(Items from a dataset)

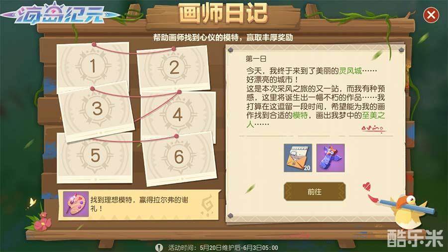 新来的画师开启了在卡琅古世界的采风之旅,但他正苦于找不到心仪的模特,画出梦中的至美之人。来「画师日记」帮拉尔弗找到理想模特,赢取海民感谢信、乞灵图腾等丰厚奖励吧!
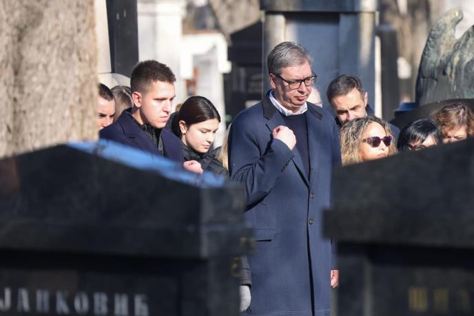 Predsednik Aleksandar Vučić stigao je na groblje sa decom.
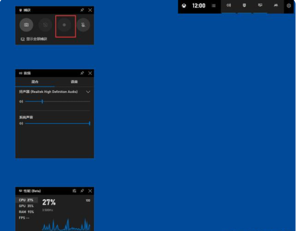 1、随着系统的不断更新,在新版的win10出现了基于‘xbox’而来的屏幕录像软件,利用所给的快捷键(默认win+G)即可打开界面。在这里发现屏幕录像软件大致分为捕获、音频、性能和菜单四大区域。
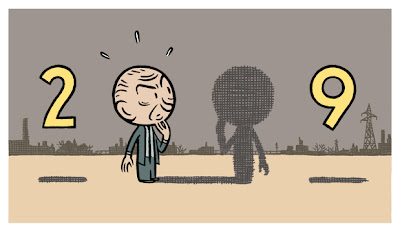 Bardín and his shadow on a suburbial landscape were guests at the new year's digital card for 2009.
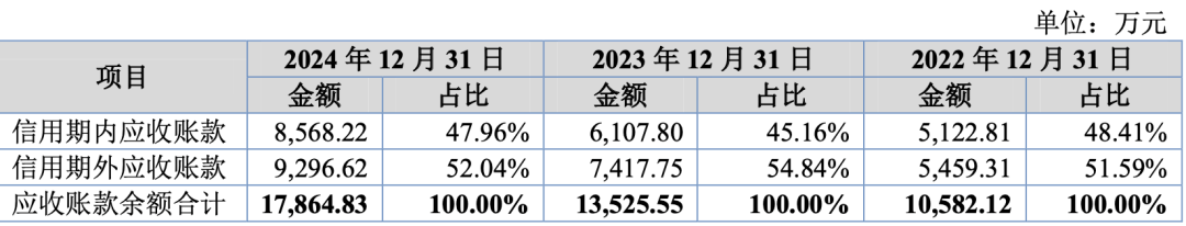 2022年至2024年(下称“报告期”)各期末,公司应收账款余额分别为10582.12万元、13525.55万元和17864.83万元,占当期营业收入的比例分别为74.23%、80.32%和76.19%,应收账款规模较大。
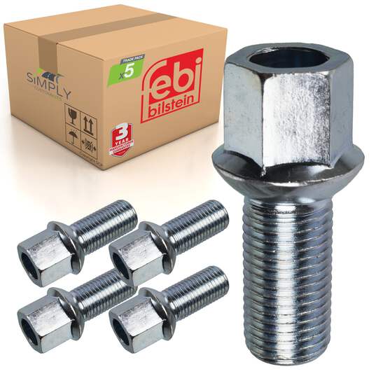 5x Alloy Steel Wheel Bolt Fits VW Golf Polo Fox Seat Ibiza Leon Febi 09801 - Fast & Free Delivery from Simply Car Parts - Brand New Genuine Febi Bilstein UK Stock - 3 Years Manufacturers Warranty

> _PROBLEM TO SOLVE_: Please set the data above down exactly, with the pictures removed.

> _THE COMPLETED TASK_:
 新来的画师开启了在卡琅古世界的采风之旅,但他正苦于找不到心仪的模特,画出梦中的至美之人。来「画师日记」帮拉尔弗找到理想模特,赢取海民感谢信、乞灵图腾等丰厚奖励吧!
 Predsednik Aleksandar Vučić stigao je na groblje sa decom.
 1、随着系统的不断更新,在新版的win10出现了基于‘xbox’而来的屏幕录像软件,利用所给的快捷键(默认win+G)即可打开界面。在这里发现屏幕录像软件大致分为捕获、音频、性能和菜单四大区域。
 Bardín and his shadow on a suburbial landscape were guests at the new year's digital card for 2009.
 2022年至2024年(下称“报告期”)各期末,公司应收账款余额分别为10582.12万元、13525.55万元和17864.83万元,占当期营业收入的比例分别为74.23%、80.32%和76.19%,应收账款规模较大。
 5x Alloy Steel Wheel Bolt Fits VW Golf Polo Fox Seat Ibiza Leon Febi 09801 - Fast & Free Delivery from Simply Car Parts - Brand New Genuine Febi Bilstein UK Stock - 3 Years Manufacturers Warranty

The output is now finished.